Exercise prompt: Below are records; copy every line among them that contains the word "from".

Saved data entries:

· · · · ·

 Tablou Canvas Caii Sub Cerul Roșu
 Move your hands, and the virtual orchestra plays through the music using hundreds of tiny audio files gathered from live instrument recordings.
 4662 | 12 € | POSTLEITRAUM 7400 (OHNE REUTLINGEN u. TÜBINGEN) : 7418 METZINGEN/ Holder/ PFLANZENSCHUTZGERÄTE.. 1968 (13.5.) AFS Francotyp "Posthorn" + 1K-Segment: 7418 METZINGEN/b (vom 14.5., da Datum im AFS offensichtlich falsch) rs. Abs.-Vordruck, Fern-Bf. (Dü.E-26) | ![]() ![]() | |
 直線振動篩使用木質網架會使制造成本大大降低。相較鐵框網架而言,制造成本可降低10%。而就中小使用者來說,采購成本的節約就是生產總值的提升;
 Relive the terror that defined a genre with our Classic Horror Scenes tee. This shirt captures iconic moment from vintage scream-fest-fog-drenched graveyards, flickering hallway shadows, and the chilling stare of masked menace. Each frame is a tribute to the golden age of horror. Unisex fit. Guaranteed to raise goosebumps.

· · · · ·

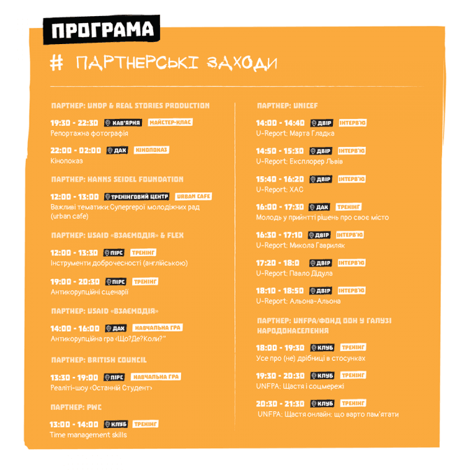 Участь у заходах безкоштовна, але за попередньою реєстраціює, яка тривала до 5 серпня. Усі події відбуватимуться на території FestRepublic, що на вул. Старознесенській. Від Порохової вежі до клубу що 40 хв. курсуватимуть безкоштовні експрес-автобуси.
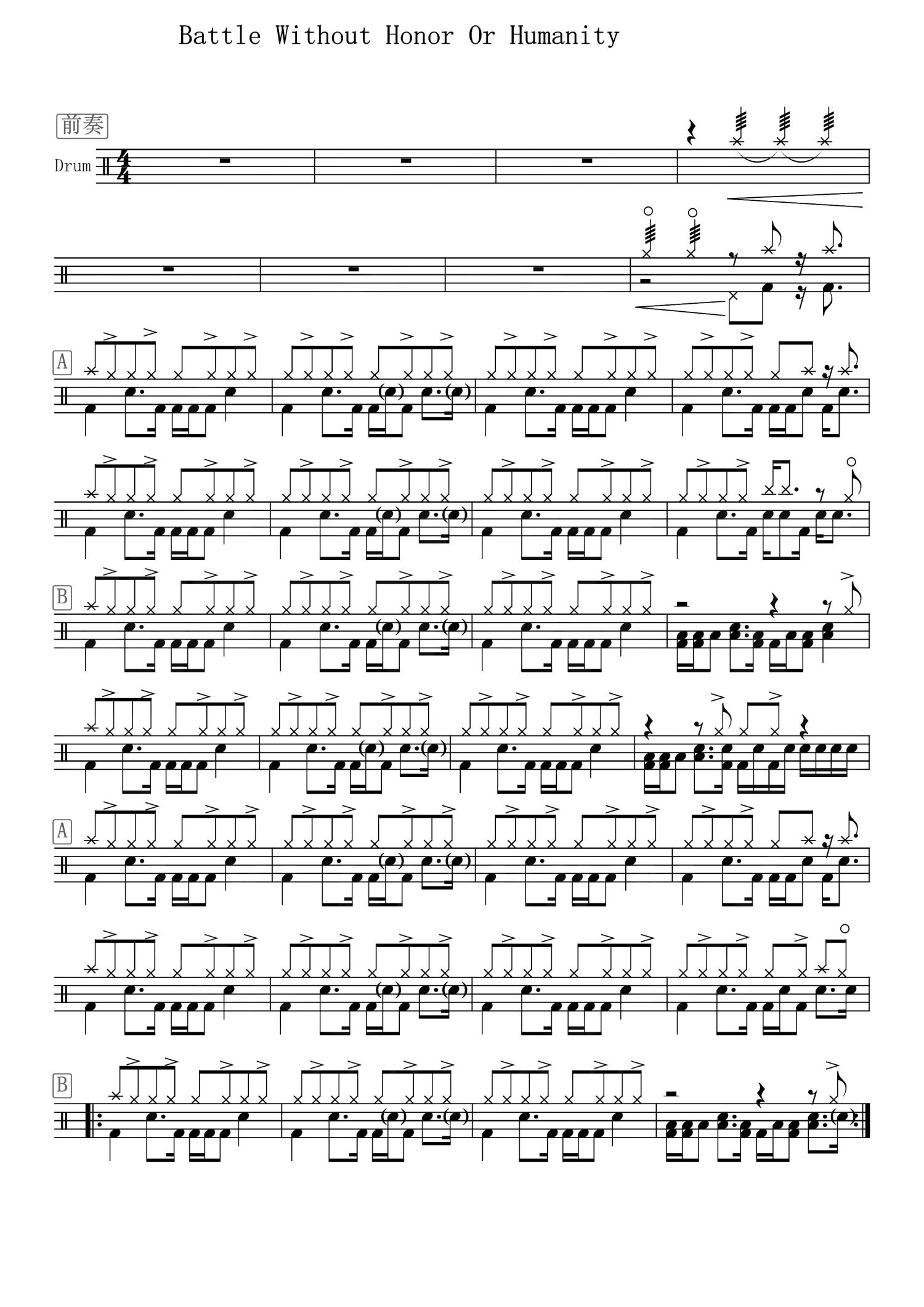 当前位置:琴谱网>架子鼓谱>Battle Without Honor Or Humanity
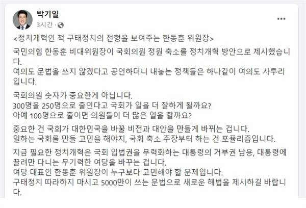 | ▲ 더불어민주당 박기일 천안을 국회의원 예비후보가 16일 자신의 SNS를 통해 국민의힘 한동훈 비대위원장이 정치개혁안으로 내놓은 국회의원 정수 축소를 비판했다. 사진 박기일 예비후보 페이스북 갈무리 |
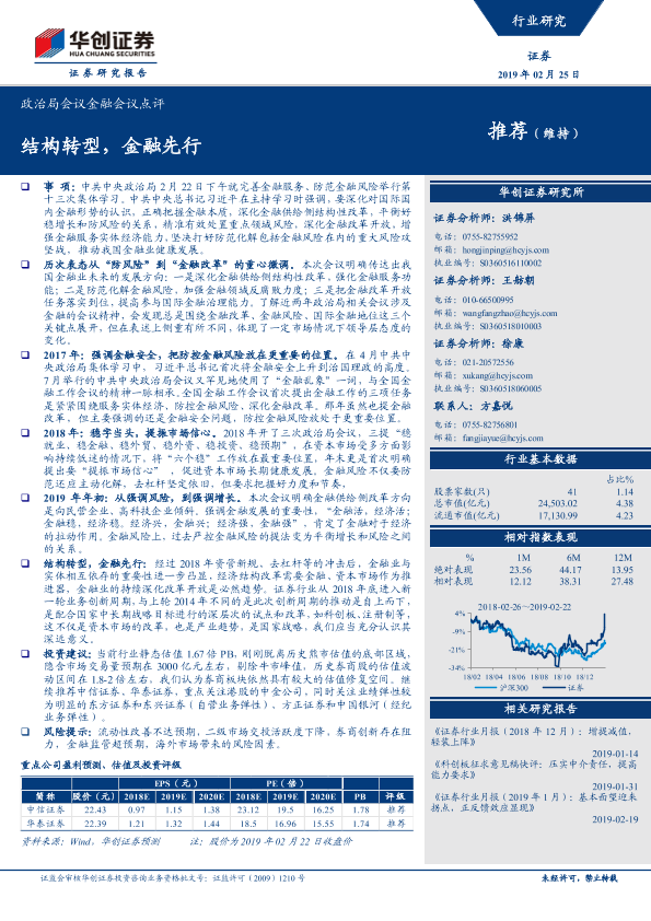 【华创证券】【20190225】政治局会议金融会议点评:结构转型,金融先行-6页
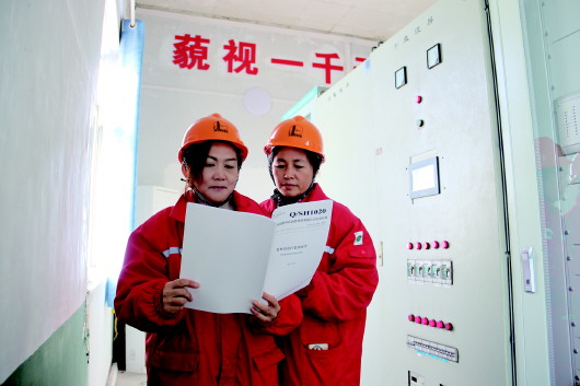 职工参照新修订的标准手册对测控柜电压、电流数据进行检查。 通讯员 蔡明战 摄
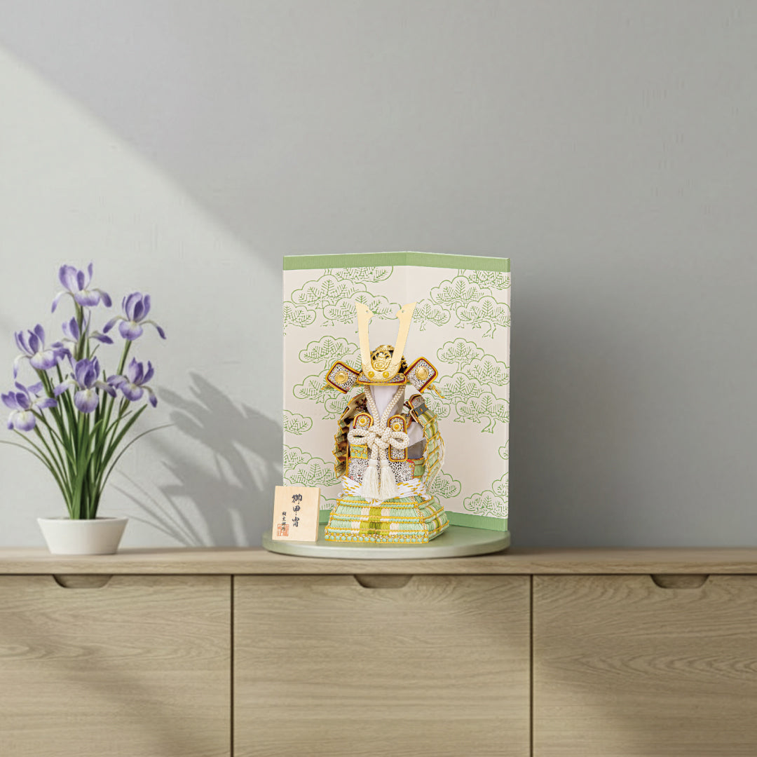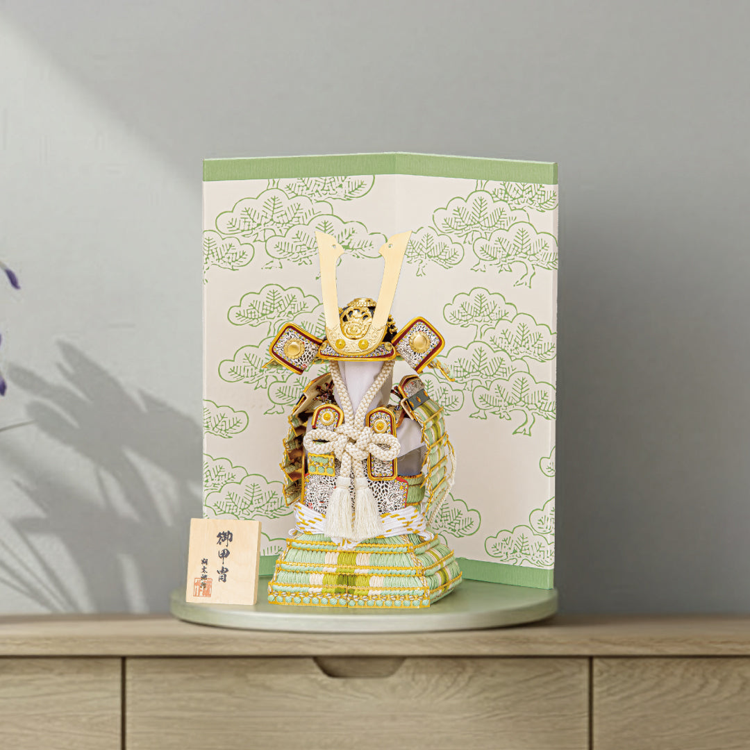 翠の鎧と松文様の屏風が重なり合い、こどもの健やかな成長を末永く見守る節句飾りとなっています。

· · · · ·

Answer section:
 Move your hands, and the virtual orchestra plays through the music using hundreds of tiny audio files gathered from live instrument recordings.
 Relive the terror that defined a genre with our Classic Horror Scenes tee. This shirt captures iconic moment from vintage scream-fest-fog-drenched graveyards, flickering hallway shadows, and the chilling stare of masked menace. Each frame is a tribute to the golden age of horror. Unisex fit. Guaranteed to raise goosebumps.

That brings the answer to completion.